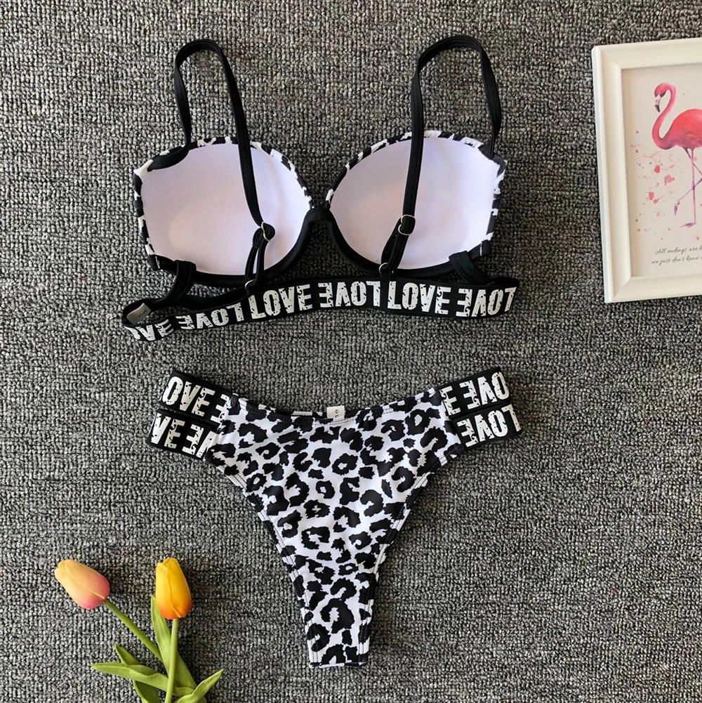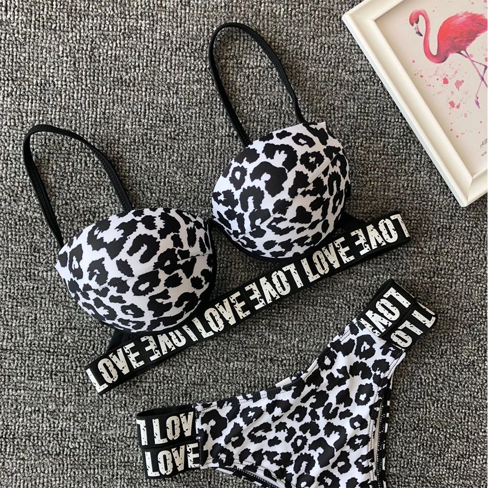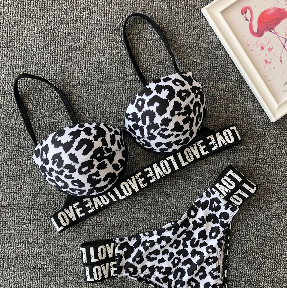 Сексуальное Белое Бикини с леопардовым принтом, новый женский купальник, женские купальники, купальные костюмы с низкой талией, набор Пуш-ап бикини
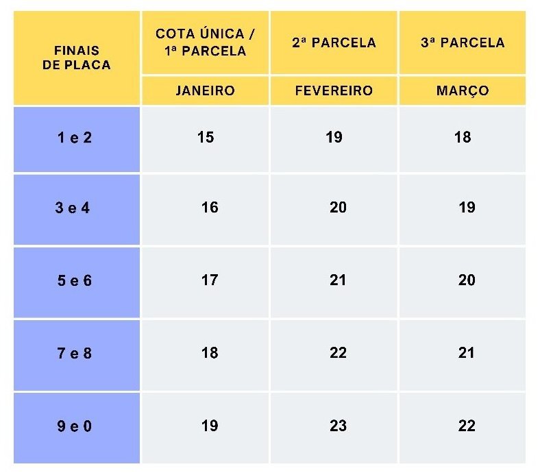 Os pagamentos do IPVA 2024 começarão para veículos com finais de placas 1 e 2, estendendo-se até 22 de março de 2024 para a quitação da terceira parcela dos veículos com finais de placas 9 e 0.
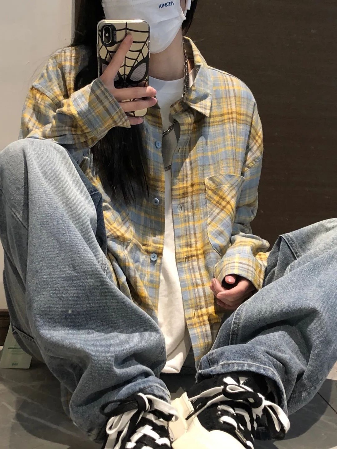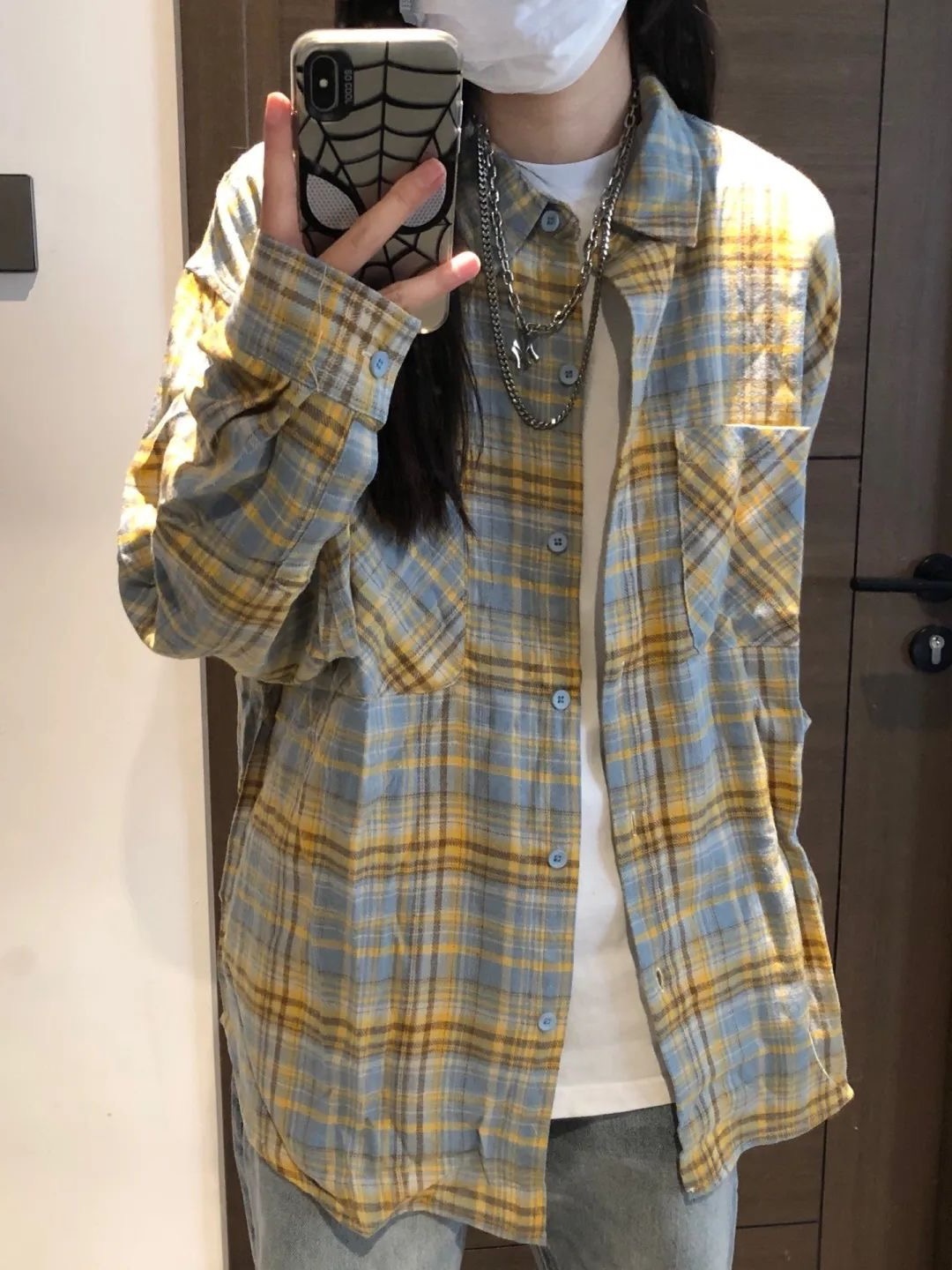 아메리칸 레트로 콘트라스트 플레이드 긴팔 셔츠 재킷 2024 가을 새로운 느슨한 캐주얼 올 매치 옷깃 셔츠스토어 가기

++++++++++

→ **Exercise**
Could you retype every line above exactly as it appears, skipping the pictures?

→ **Output below**
 Сексуальное Белое Бикини с леопардовым принтом, новый женский купальник, женские купальники, купальные костюмы с низкой талией, набор Пуш-ап бикини
 Os pagamentos do IPVA 2024 começarão para veículos com finais de placas 1 e 2, estendendo-se até 22 de março de 2024 para a quitação da terceira parcela dos veículos com finais de placas 9 e 0.
 아메리칸 레트로 콘트라스트 플레이드 긴팔 셔츠 재킷 2024 가을 새로운 느슨한 캐주얼 올 매치 옷깃 셔츠스토어 가기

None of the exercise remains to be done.